Check these solutions from our community:

Given an array of integers, write a function that returns the sum of all the odd numbers in the array.

About this solution: This is a great solution! It is very efficient because it only iterates through the array once and only adds the odd numbers to the sum.

This problem deals with finding a subset of distinct integers that sum to a given number. An example input and output are given.

About this solution: The candidate's solution is complete and solves the problem.
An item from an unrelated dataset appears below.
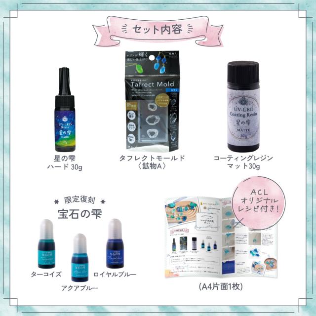 送料無料 (ACLオリジナルレシピ付) パジコ (PADICO) レジンスペシャルキット (シーグラス風キット) 星の雫/マットコーティング/宝石の雫 復刻色/タフレクトモールド・鉱物A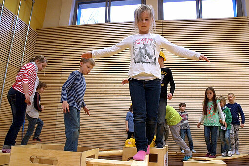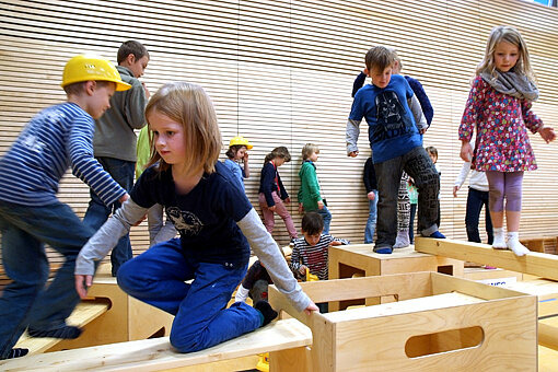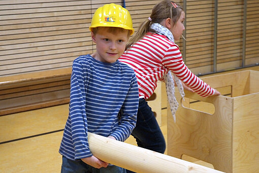 Eine Bewegungsbaustelle besteht aus einfachen Holzbauteilen, die wie überdimensionale Bauklötze zusammensetzbar sind. Sie ist für Kinder zwischen zwei und zwölf Jahren geeignet. Die Kinder entwickeln, konstruieren und erproben damit Spiel- und Bewegungsräume, die immer wieder umgebaut werden können. Die einzelnen Bauteile kann man alleine nur schwer bewegen. Viel mehr Spaß macht es, mit anderen zu bauen. Es entstehen dabei Bewegungslandschaften, die vielseitig beklettert und bespielt werden können. Die Bewegungsbaustelle fördert nicht nur die Motorik, sondern gleichzeitig die Kreativität und die geistige, soziale und kognitive Entwicklung. Denn wer rückwärts balancieren kann, kann auch rückwärts rechnen. Somit bietet die Bewegungsbaustelle mehr als reine Bewegungsförderung und lässt sich nicht nur im Unterrichtsfach Sport in den Schulalltag integrieren. Kinder erlangen mithilfe der Bewegungsbaustelle technisches Verständnis, sprachliche Kompetenzen oder können mit ihr sogar musizieren.

The candidate uses a dynamic programming approach, which is a good approach for this problem.

Given a binary tree, this function determines whether the tree is balanced. A balanced binary tree is one in which the left and right subtrees of each node have heights that differ by no more than 1. This example input results in an output of True.

About this solution: The candidate's solution correctly determines whether the given tree is balanced. The approach is to recursively check the left and right subtrees of each node to see if their heights differ by no more than 1. This is a correct approach.

Given a set of distinct integers, this program prints out the power set of the set. The power set of a set is the set of all its subsets.

About this solution: The candidate's solution is a good start, but it is not complete. The solution does not actually print the power set, it only returns it. To print the power set, the candidate would need to add a line to print the array at the end of the function. Additionally, the candidate's solution only works for sets with distinct integers. To make the solution work for sets with non-distinct integers, the candidate would need to add additional logic to check for duplicates.

This problem asks you to find the maximum path sum in a binary tree. A path is defined as any sequence of nodes from some starting node to any node in the tree along the parent- child connections. The path must contain at least one node and does not need to go through the root.

About this solution: The candidate's solution correctly solves the problem. The approach is to recursively find the maximum path sum for each node in the tree. The path sum for each node is the node's value plus the maximum of the path sums for the node's left and right child nodes. The maximum path sum for the tree is the maximum of the path sums for all nodes in the tree.

The problem asks us to print the power set of a given set of distinct integers. A power set is the set of all subsets of a given set, including the empty set and the original set itself. For example, the power set of {1,2,3} would be {{},{1},{2},{3},{1,2},{1,3 },{2,3},{1,2,3}}.

About this solution: This is a good solution that demonstrates a level of completeness and solves the problem. The approach is recursive and uses a set and a list to keep track of the elements in the power set.

This problem asks you to find the sum of all the elements in an array, using recursion. That is, you need to define a function that takes in an array of integers, and returns the sum of all the integers in the array. For example, given the input [1, 2, 3, 4], your function should return 10.

About this solution: This solution is complete and solves the problem. The approach is straightforward and easy to follow.

Given a binary tree and a value, return the sum of all values in the tree that are greater than or equal to the given value.

About this solution: The candidate's solution is complete and solves the problem. The approach is to recursively traverse the tree, keeping track of the sum of values that are greater than or equal to the given value. This is a good approach and is implemented correctly.